#### Problem statement:
Exclude the pictures and retype the entries as written.

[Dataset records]
· · · ·

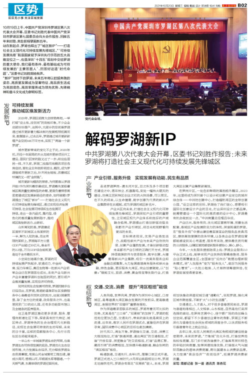 党代会会场。 罗湖区委书记刘胜。 10月19日上午,中国共产党深圳市罗湖区第八次代表大会开幕,区委书记刘胜代表中国共产党深圳市罗湖区第七届
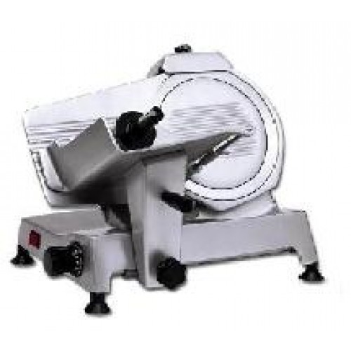 Base and main components in high polished satin finished anodized aluminium for long lasting, hygiene and ease of cleaning. The blade is in hollow ground hard chrome with blade guard ring for added protection. Model equipped with cut thickness adjusting knob, top mounted sharpener, cover blade and product deflector - easily removable for cleaning. Ventilated blade drive motor. Poly V-belt drive system for quiet operation and economical service. Removable carriage system permanently lubrificated with automatic clutch. IP42 water protection. UK plug.
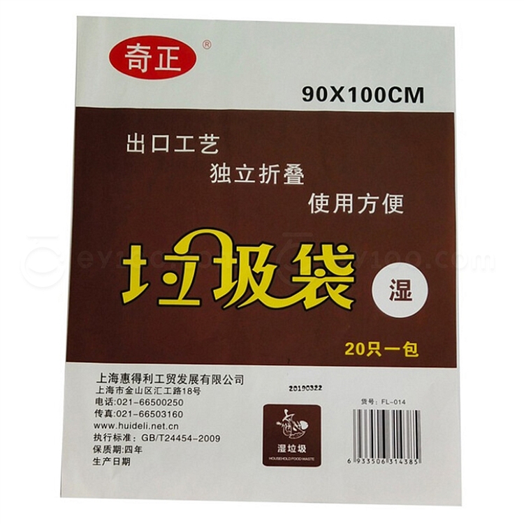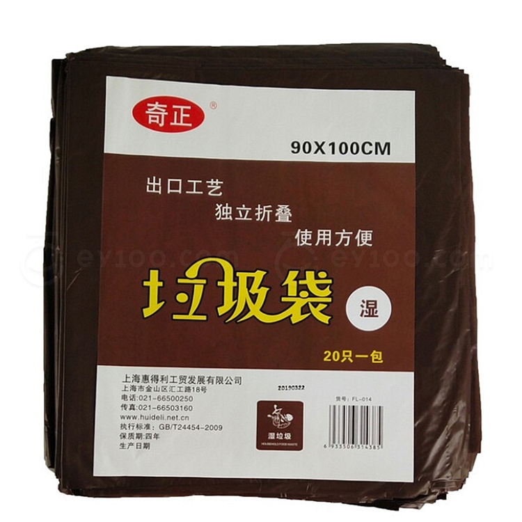 奇正 平口抽取式垃圾袋(湿垃圾) (咖啡色) 90*100cm 20只/包 FL-014
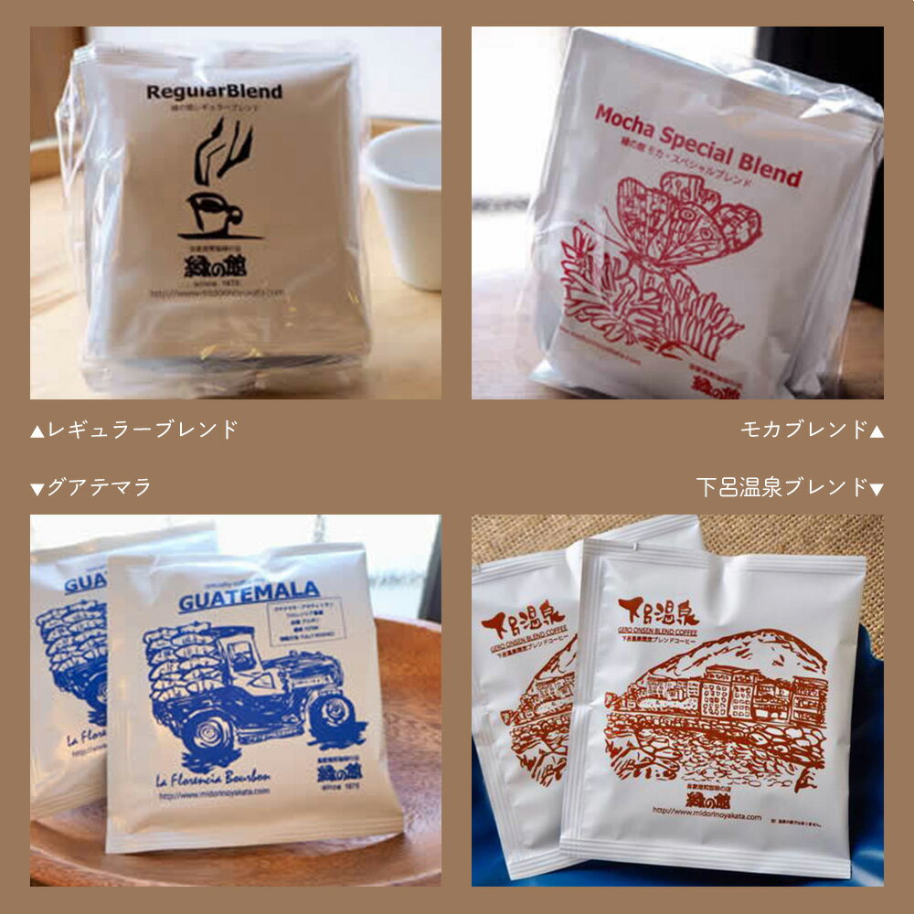 【ふるさと納税】緑の館/ドリップ4種(レギュラー・下呂温泉・モカ・グアテマラ 各5杯)(計20杯)セット コーヒー コーヒードリップ ドリップバック ドリップパック 飲み比べ 珈琲 グリーンハウスコーヒー 下呂市
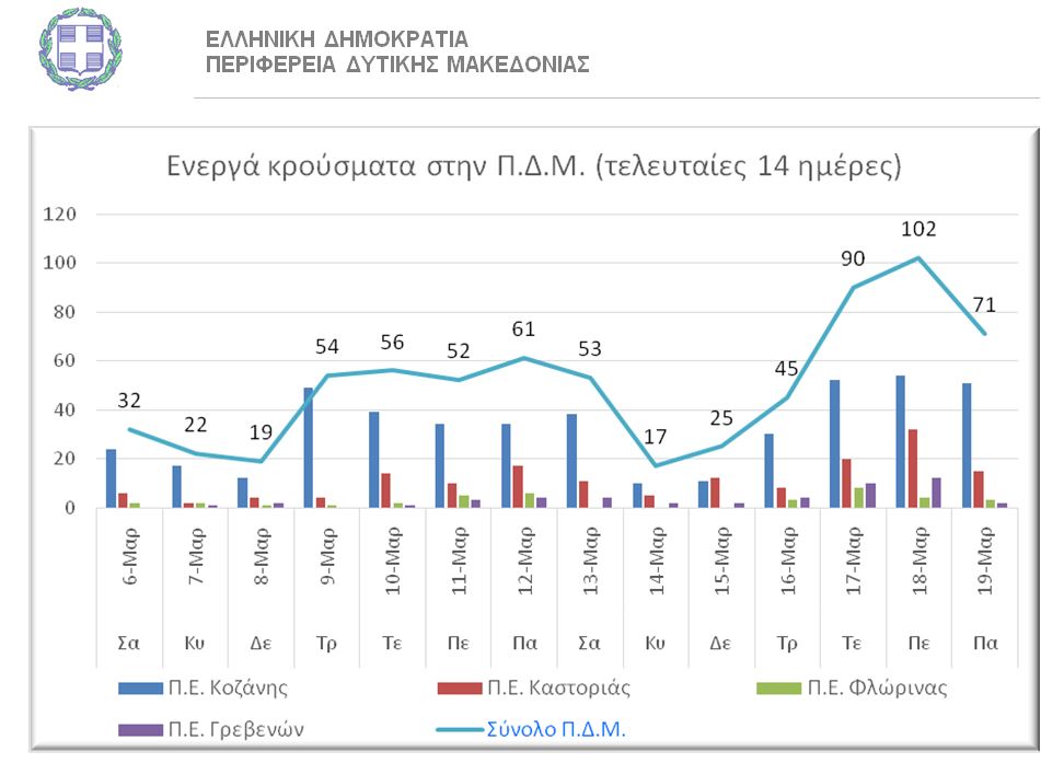 ΗΜΕΡΗΣΙΑ ΑΝΑΦΟΡΑ ΓΙΑ COVID-19: Τα ενεργά κρούσματα κατά Περιφερειακή Ενότητα στην Δυτική Μακεδονία
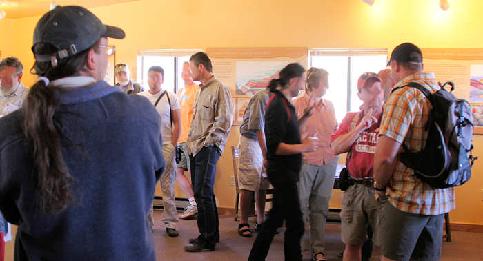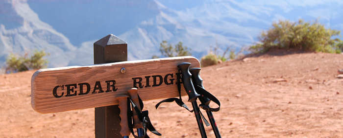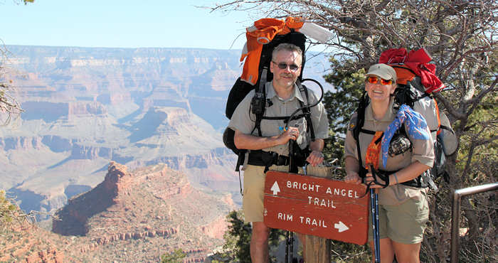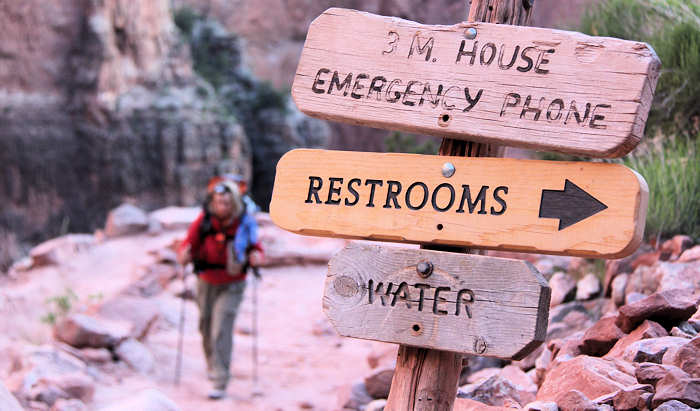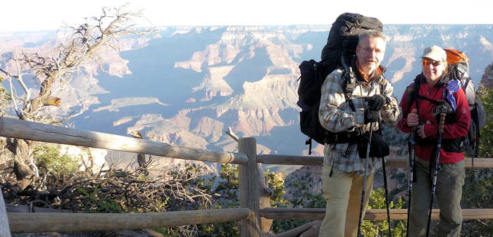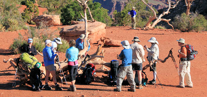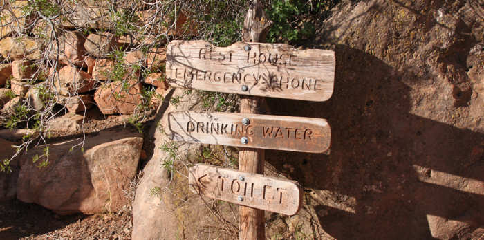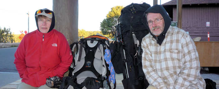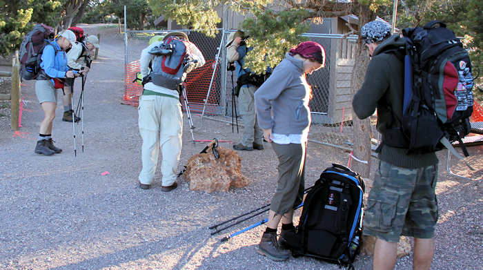Der Shuttle kommt pünktlich und hält auf seinem Weg zum Trailhead noch am Backcountry-Office und am Visitor Center und füllt sich zunehmend. Alle Hiker-Hungrigen werden dann am Trailhead zum South-Kaibab-Trail ausgeladen: Eine Horde von etwa 25 Hikern lädt die Backpacks auf, überall wird herumgefummelt: Ein Riemen wird angezogen, ein anderer gelöst, die Stöcke auf die richtige Länge ausgefahren, dann doch wieder etwas gekürzt, die Getränkeblasen mit Wasser aufgefüllt, die eigenen noch ein letztes Mal geleert. |

· · · ·

#### Exercise result:
 党代会会场。 罗湖区委书记刘胜。 10月19日上午,中国共产党深圳市罗湖区第八次代表大会开幕,区委书记刘胜代表中国共产党深圳市罗湖区第七届
 Base and main components in high polished satin finished anodized aluminium for long lasting, hygiene and ease of cleaning. The blade is in hollow ground hard chrome with blade guard ring for added protection. Model equipped with cut thickness adjusting knob, top mounted sharpener, cover blade and product deflector - easily removable for cleaning. Ventilated blade drive motor. Poly V-belt drive system for quiet operation and economical service. Removable carriage system permanently lubrificated with automatic clutch. IP42 water protection. UK plug.
 奇正 平口抽取式垃圾袋(湿垃圾) (咖啡色) 90*100cm 20只/包 FL-014
 【ふるさと納税】緑の館/ドリップ4種(レギュラー・下呂温泉・モカ・グアテマラ 各5杯)(計20杯)セット コーヒー コーヒードリップ ドリップバック ドリップパック 飲み比べ 珈琲 グリーンハウスコーヒー 下呂市
 ΗΜΕΡΗΣΙΑ ΑΝΑΦΟΡΑ ΓΙΑ COVID-19: Τα ενεργά κρούσματα κατά Περιφερειακή Ενότητα στην Δυτική Μακεδονία
Der Shuttle kommt pünktlich und hält auf seinem Weg zum Trailhead noch am Backcountry-Office und am Visitor Center und füllt sich zunehmend. Alle Hiker-Hungrigen werden dann am Trailhead zum South-Kaibab-Trail ausgeladen: Eine Horde von etwa 25 Hikern lädt die Backpacks auf, überall wird herumgefummelt: Ein Riemen wird angezogen, ein anderer gelöst, die Stöcke auf die richtige Länge ausgefahren, dann doch wieder etwas gekürzt, die Getränkeblasen mit Wasser aufgefüllt, die eigenen noch ein letztes Mal geleert. |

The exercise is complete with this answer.